3.         The journal readers are curious about why the authors do not unify the animal species for experiments. Some cases involved either Wistar rats or BALB/C mice. Furthermore, both healthy and CCl4-treated animals were used. Whether the results of measured Ce concentration were different attributed to CCl4 treatment?

4.         Please clarify the follow-up time point of data presentation in Figure 1A.

5.         Please clarify the method of calculating Ce concentration in Feaces and Urine. Why the authors do not interpret the data in terms of volume (Figure 3A)?

6.         Please clarify the scientific meaning of unit (μg Ce/g Mice) in y-axis (Figure 4B). Furthermore, as stated by the authors, a single dose of 7.2 mg/kg of body weight nanoceria conjugated with MSA in PB 10 mM, corresponding to the maximal volume that can be administered intravenously. However, according to the blue dotted line (indicative of administered dose) in Figure 4B, the numerical value seems to be below 6 (rather than 7.2). Please carefully check the data presentation again.

7.         The authors should further specify the underlying reason of using CeO2NPs-PEG in Figure 7. It would be better to include the test group without PEGylation for fair scientific comparisons.

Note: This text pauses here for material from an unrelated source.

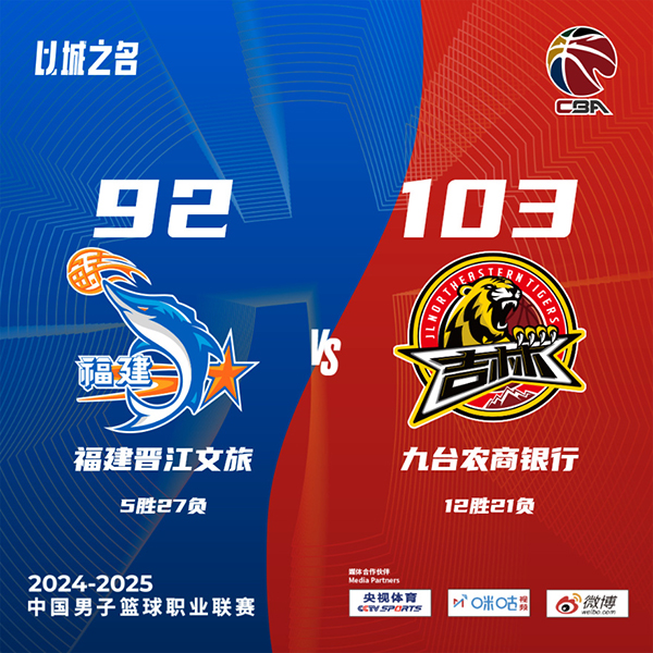 JRS直播吧讯 北京时间1月20日讯 CBA常规赛继续进行,福建主场迎战吉林,吉林近期遭遇连败,目前11胜21负暂列联赛第15位,福建上场不敌广东,5胜26负联赛垫底。此役一上来双方便陷入缠斗,约瑟夫-杨和邹阳联手取分,琼斯盘活全队强势回应,两队你来我往比分紧咬,首节结束时福建领先2分,次节回来,双方继续鏖战,路易斯-金突然发力单节贡献12分,琼斯和基兹林克接连回应,半场战罢,福建依然领先2分。短暂休整后福建一波8-0一度拉开比分,吉林及时回暖连中三分,三节结束后吉林反超1分,末节决战,福建进攻滞涩,琼斯予取予求率队奠定胜势,福建追分无望,最终吉林103-92力克对手。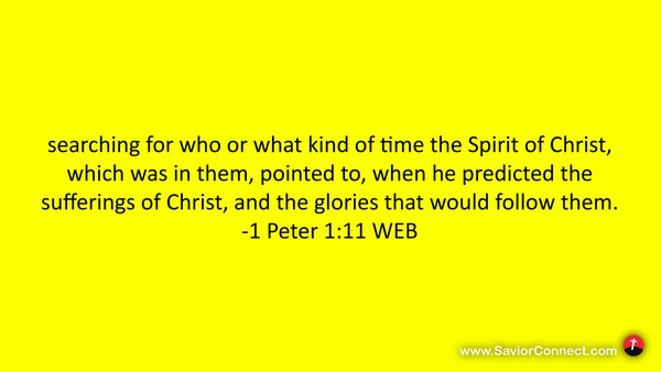 searching for who or what kind of time the Spirit of Christ, which was in them, pointed to, when he predicted the sufferings of Christ, and the glories that would follow them. -1 Peter 1:11 WEB

8.         As stated by the authors, nanotechnology has shown us how mineral antioxidants, like metal oxide nanoparticles, especially cerium oxide (CeO2) nanoparticles (NPs), nanoceria, are safe and powerful anti-inflammatory substances. However, this important statement was not supported by any documented reference. Over the past few years, some review papers have emphasized the development of CeO2 nanoparticles as anti-inflammatory substances (please refer to the following examples: #1 DOI: 10.1021/acs.chemrev.8b00626 & #2 10.3390/molecules25194559 & #3 DOI: 10.1016/j.cej.2022.134970). The authors are highly recommended to consider the inclusion of these relevant reviews in the reference list to balance scientific viewpoint and update the article content.

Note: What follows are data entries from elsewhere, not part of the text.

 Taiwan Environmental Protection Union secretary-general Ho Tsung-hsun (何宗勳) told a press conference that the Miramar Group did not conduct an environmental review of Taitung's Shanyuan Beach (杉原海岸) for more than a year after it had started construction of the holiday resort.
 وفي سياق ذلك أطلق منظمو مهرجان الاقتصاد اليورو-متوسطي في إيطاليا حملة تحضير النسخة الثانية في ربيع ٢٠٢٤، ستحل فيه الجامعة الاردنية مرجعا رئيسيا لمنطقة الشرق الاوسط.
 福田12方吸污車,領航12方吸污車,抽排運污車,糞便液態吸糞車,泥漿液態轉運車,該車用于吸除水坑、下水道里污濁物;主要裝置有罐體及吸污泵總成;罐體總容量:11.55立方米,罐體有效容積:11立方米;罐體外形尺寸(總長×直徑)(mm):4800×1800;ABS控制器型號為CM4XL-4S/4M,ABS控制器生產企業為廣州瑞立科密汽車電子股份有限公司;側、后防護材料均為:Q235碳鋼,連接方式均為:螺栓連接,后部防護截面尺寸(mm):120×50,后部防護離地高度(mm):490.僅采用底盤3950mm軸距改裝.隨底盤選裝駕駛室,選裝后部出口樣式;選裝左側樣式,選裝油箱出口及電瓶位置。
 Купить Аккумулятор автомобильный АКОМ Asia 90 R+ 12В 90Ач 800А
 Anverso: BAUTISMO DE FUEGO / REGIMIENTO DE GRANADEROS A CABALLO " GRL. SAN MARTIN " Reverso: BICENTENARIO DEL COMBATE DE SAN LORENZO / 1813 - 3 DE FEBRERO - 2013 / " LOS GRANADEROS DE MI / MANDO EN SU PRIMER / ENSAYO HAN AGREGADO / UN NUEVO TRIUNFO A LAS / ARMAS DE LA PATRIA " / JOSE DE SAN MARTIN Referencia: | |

9.         As stated by the authors, nanoceria efficacy has successfully been tested in a wide variety of disease models, mainly in inflammatory-related pathologies. In fact, the authors illustrate many diseases, but miss the following important examples i.e., acute glaucoma (please refer to DOI: 10.1016/j.cej.2022.138620) and chronic glaucoma (please refer to DOI: 10.7150/thno.54525). In order to attract more attention from audiences, the authors are highly recommended to consider the inclusion of these publications relevant to nanoceria for inflammatory-related pathologies in the reference list to enrich the research background of the article content.

Author Response

Please see the attachment

Author Response File: Author Response.pdf

Round 2

Reviewer 2 Report

The revised version adequately addressed the critiques raised by this reviewer and is now suitable for publication in "Antioxidants".